On Wed, Jun 18, 2014 at 08:26:46AM -0700, Josef Bacik wrote:
> >2) is your guess that the BUG_ON I'm getting shouldn't be triggered
> >and your proposed patch could fix that, or that I do have an FS problem
> >but that we're just going to make the kernel more lenient and not crash on 
> >it?
> >
> 
> All of these BUG_ON(!uppper->checked) are logic errors, not problems 
> with the fs, which is why I haven't turned them into an abort or 

I'm guessing you saw the comment from someone else in the other thread. 
BUG_ON is not helpful when you have end users. It effectively crashes the
system when it can be unnecessary (a very secondary filesystem you don't
depend on), and it tells users that anything wrong with btrfs on any
filesystem can take their entire machine down needlessly
(not counting the fact of course that it makes bug reporting on the list
that much harder since syslog has no chance to capture and forward it)

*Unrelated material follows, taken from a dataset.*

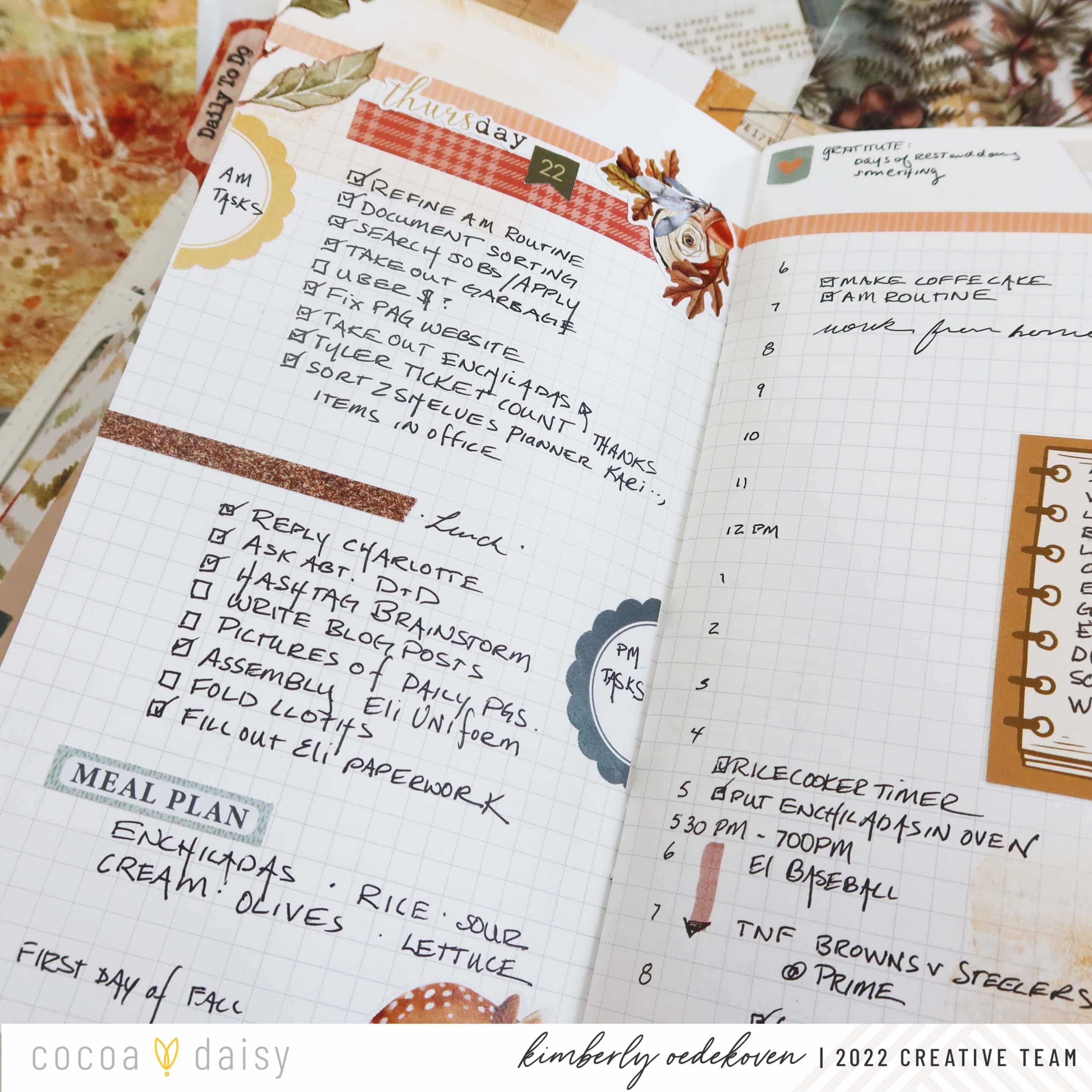 I tend to love a day on two pages. Enough to play and plan at the same time. I loved decorating with all the beautiful die cuts and stickers from the Autumn Thicket Collection but I also want enough room for time blocking, to-do lists, gratitude, and meal planning. Of course, you can make it your own with whatever sections you need on a particular day.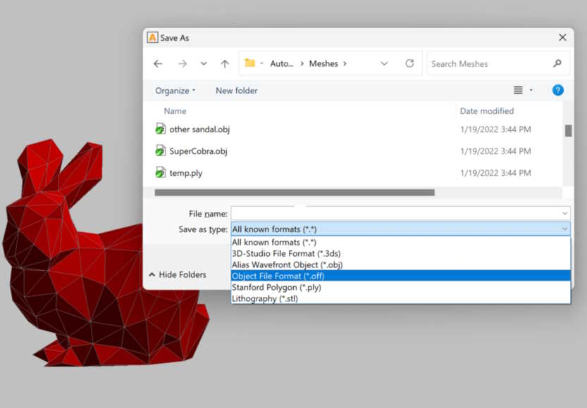 - Import and export of 3DS, OBJ, OFF, PLY, and STL file formats.

Can I appeal to you to remove all the ones you work with?
If something is wrong, it should mount the FS read only and/or make it
unaccessible, but not crash the entire system.

> something else yet.  I'm thinking about chucking this whole function 
> anyway and using the backref walking code, but that is going to be a job 
> for future josef, present josef doesn't seem to have any time to do 
> anything despite sleeping a lot less.  Thanks,

Yes, I understand that part. Good luck with getting sleep indeed.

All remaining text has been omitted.